DE2123128B2 - Device for regulating the movement of a Einspntzelementes in an injection molding machine - Google Patents

Description

The invention relates to a device for regulating the movement of an injection element in a Injection molding machine with a drive device for moving the injection element inside a Injection cylinder, with a transducer for generating a path of the injection element proportional electrical signal (actual value) and with a comparison and control device for comparison the path covered by the injection element (actual value) with an entered target path (target value) and for generating an error signal as a function of the difference in from the injection element covered distance (actual value) to the entered target distance (target value) and to one of the Error signal corresponding control of the path of the injection element during the next following one Move.

In injection molding machines, plastic is usually used in a granulated or powdered state entered at one end of an injection cylinder.

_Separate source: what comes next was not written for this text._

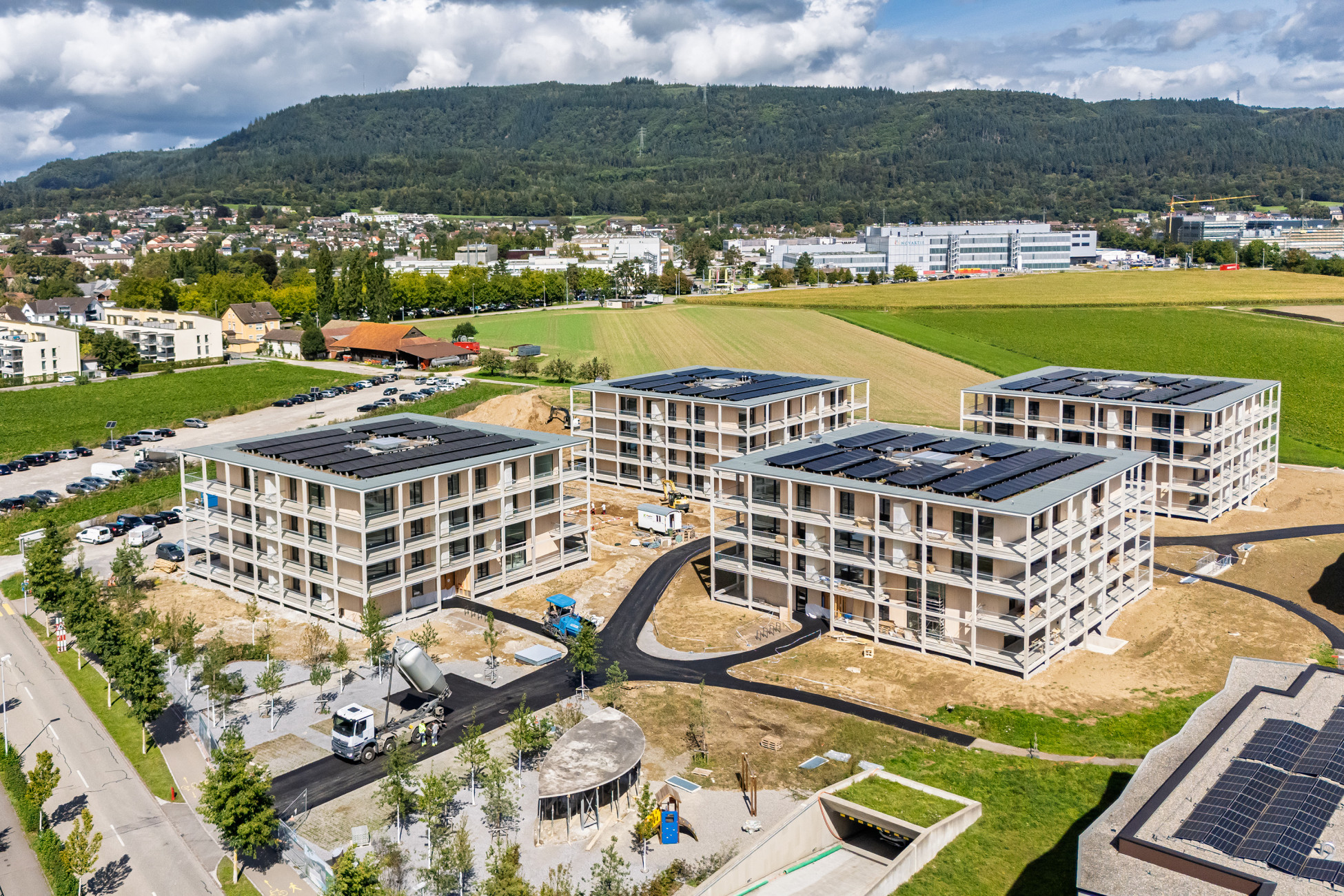 Wohnüberbauung mit vier Wohnbauten (total 76 Wohnungen) inkl. Autoeinstellhalle. Gebäude viergeschossig, im Minergie-P Standard konzipiert. Unsere Hauptleistungen: Baugrubenaushub und Erdbau, Werkleitungs- und Kanalisationsbau, Ortbetonbau, Sichtbetonarbeiten (Deckenuntersichten Wohnungen und Laubengang, Fassadenstützen und Unterzüge, Treppenauge rund, inkl. Abschalungen), Mauerwerk (Aussenwände massiv in Backstein 1.-3. OG, Zwischenwände UG mit Kalksandstein), Herstellen und Einbau von vorgefertigten Betonteilen sowie Erstellen von Hartbetonbelägen.

The injection cylinder has an injection element in the form a rotatable and displaceable plasticizing screw to mix the plastic and with it or softening without externally applied heat until the plastic becomes viscous, cohesive and has reached flowing state, whereupon it turns into a closed shape for shaping the desired object can be injected. In the course of the transformation of the plastic into c ne viscous, coherent mass, the screw is set in rotation within the injection cylinder, in order to heat up the plastic through physical processing. While the snail is

When the plasticized material builds up in front of the screw, it gradually forces the screw backwards until it reaches a predetermined point at which the rotation of the screw is stopped. At this point the screw is then propelled forward by hydraulic pressure or in some other way.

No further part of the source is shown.